DATA RECORDS:
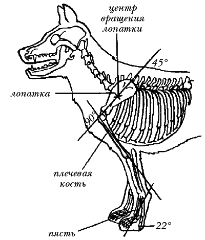 Еще один немаловажный параметр для передних конечностей – это угол между лопаткой и плечом, который должен составлять 90°.
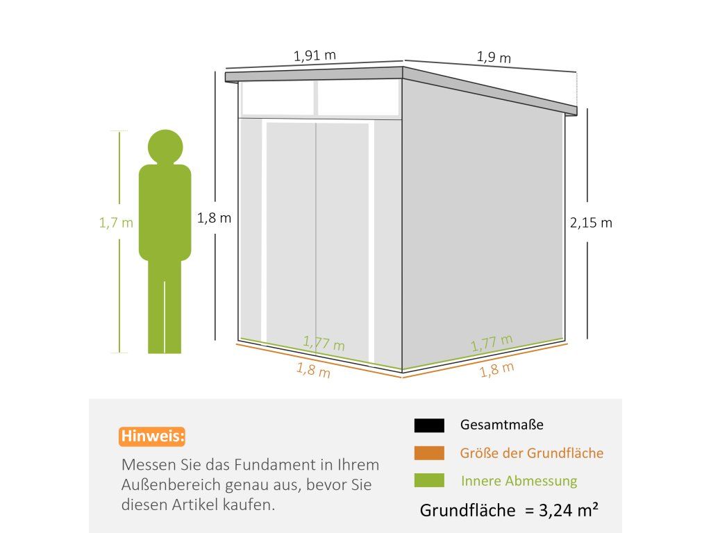 Velký interiér: Tento zahradní domek o rozměrech 190 x 191 x 215 cm nabízí prostorný interiér o rozměrech 177 x 177 cm, ideální pro uložení zahradního nářadí a vybavení.
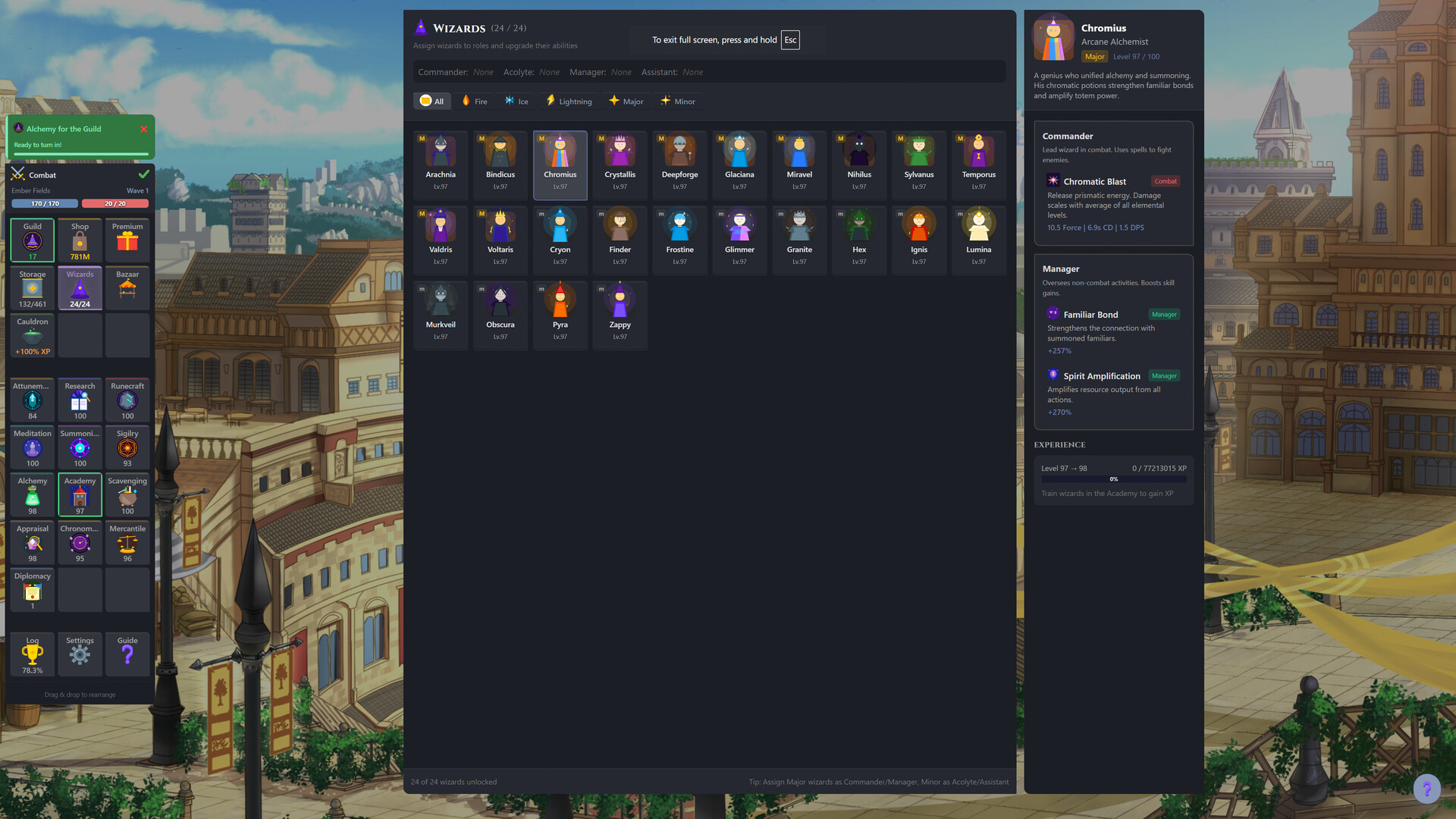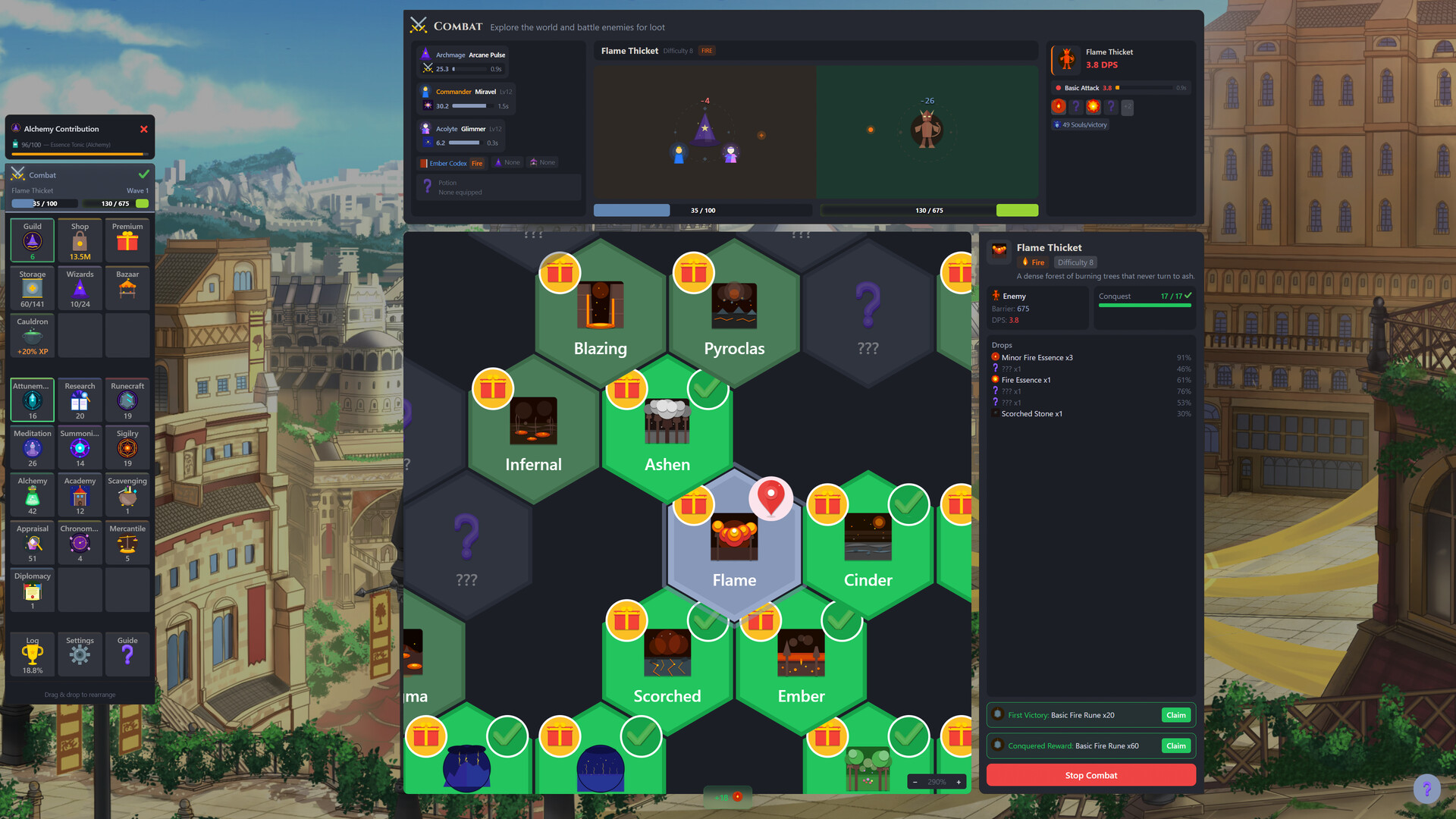 An idle/incremental RPG with deeply interconnected skills. Your skills feed the frontlines: Attunement, Summoning, and Sigilry power your wizards as they fight across an elemental hex map. Your skills feed the supply lines: Research, Runecrafting, Alchemy, Mercantile, and Scavenging keep the resources flowing. And skills you won't find anywhere else, like Chronomancy, Diplomacy, and Appraisal, tie it all together.
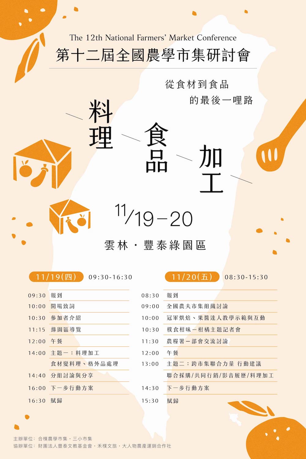 接續上一屆「合作」主題的,料理加工需要市集所有的利害關係人更多的互助與協作,農民市集歷經10多年的發展,經營上需要有創新來吸引消費者,如何共同開創新的作法,期盼藉由本次研討會彼此交流、互換經驗,讓「料理食品加工」成為接下來重要的一條新路。
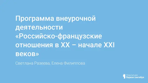 Программа внеурочной деятельности «Российско-французские отношения в XX – начале XXI веков»
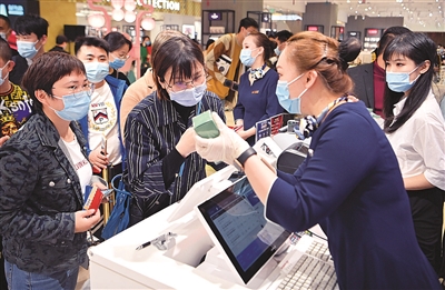 1月31日,顾客在海控全球精品(海口)免税城选购商品。
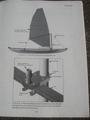 ... some traditional rigs that are similar. I suppose the Gunter rig is related and maybe the Solent lug rig too. He sent this copy from "Gary Dierkings book "Building Outrigger Sailing Canoes" showing the set up with original mast,boom and universal joint".
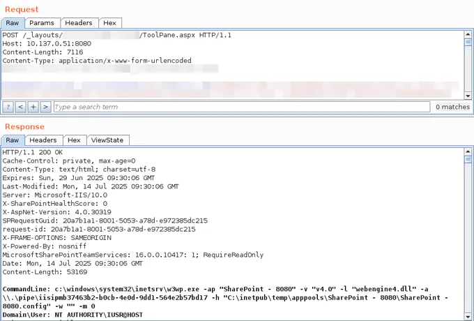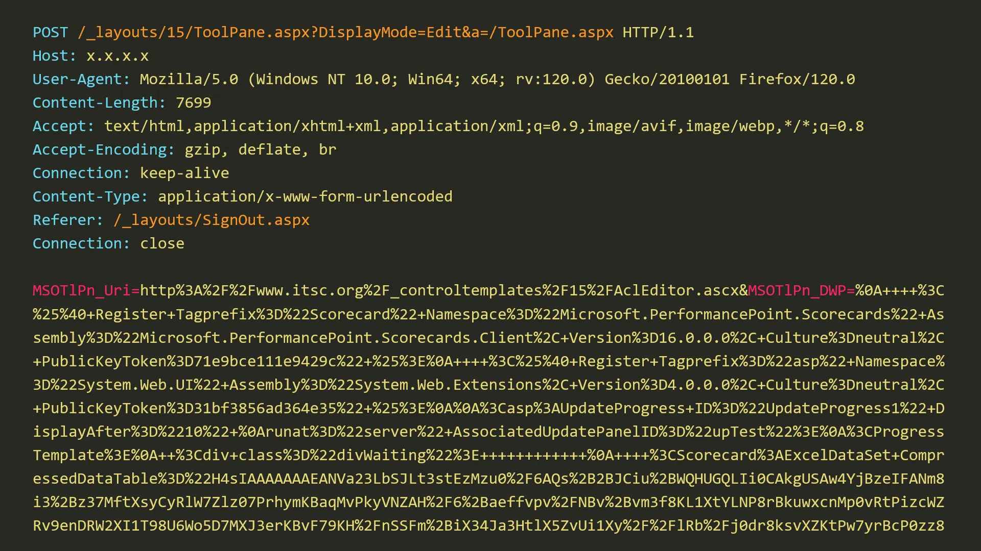 2025-07-18 18:xx:04 <proxy masked> POST /_layouts/15/ToolPane.aspx DisplayMode=Edit&a=/ToolPane.aspx 443 - <proxy masked> Mozilla/5.0+(Windows+NT+10.0;+Win64;+x64;+rv:120.0)+Gecko/20100101+Firefox/120.0 /_layouts/SignOut.aspx 302 0 0 707

TO DO: Beginning with the first line of the entries above, repeat each line word for word until the line with "1月31日,顾客在海控全球精品(海口)免税城选购商品。" has been given too. Omit the pictures.

EXERCISE SOLUTION:
 Еще один немаловажный параметр для передних конечностей – это угол между лопаткой и плечом, который должен составлять 90°.
 Velký interiér: Tento zahradní domek o rozměrech 190 x 191 x 215 cm nabízí prostorný interiér o rozměrech 177 x 177 cm, ideální pro uložení zahradního nářadí a vybavení.
 An idle/incremental RPG with deeply interconnected skills. Your skills feed the frontlines: Attunement, Summoning, and Sigilry power your wizards as they fight across an elemental hex map. Your skills feed the supply lines: Research, Runecrafting, Alchemy, Mercantile, and Scavenging keep the resources flowing. And skills you won't find anywhere else, like Chronomancy, Diplomacy, and Appraisal, tie it all together.
 接續上一屆「合作」主題的,料理加工需要市集所有的利害關係人更多的互助與協作,農民市集歷經10多年的發展,經營上需要有創新來吸引消費者,如何共同開創新的作法,期盼藉由本次研討會彼此交流、互換經驗,讓「料理食品加工」成為接下來重要的一條新路。
 Программа внеурочной деятельности «Российско-французские отношения в XX – начале XXI веков»
 1月31日,顾客在海控全球精品(海口)免税城选购商品。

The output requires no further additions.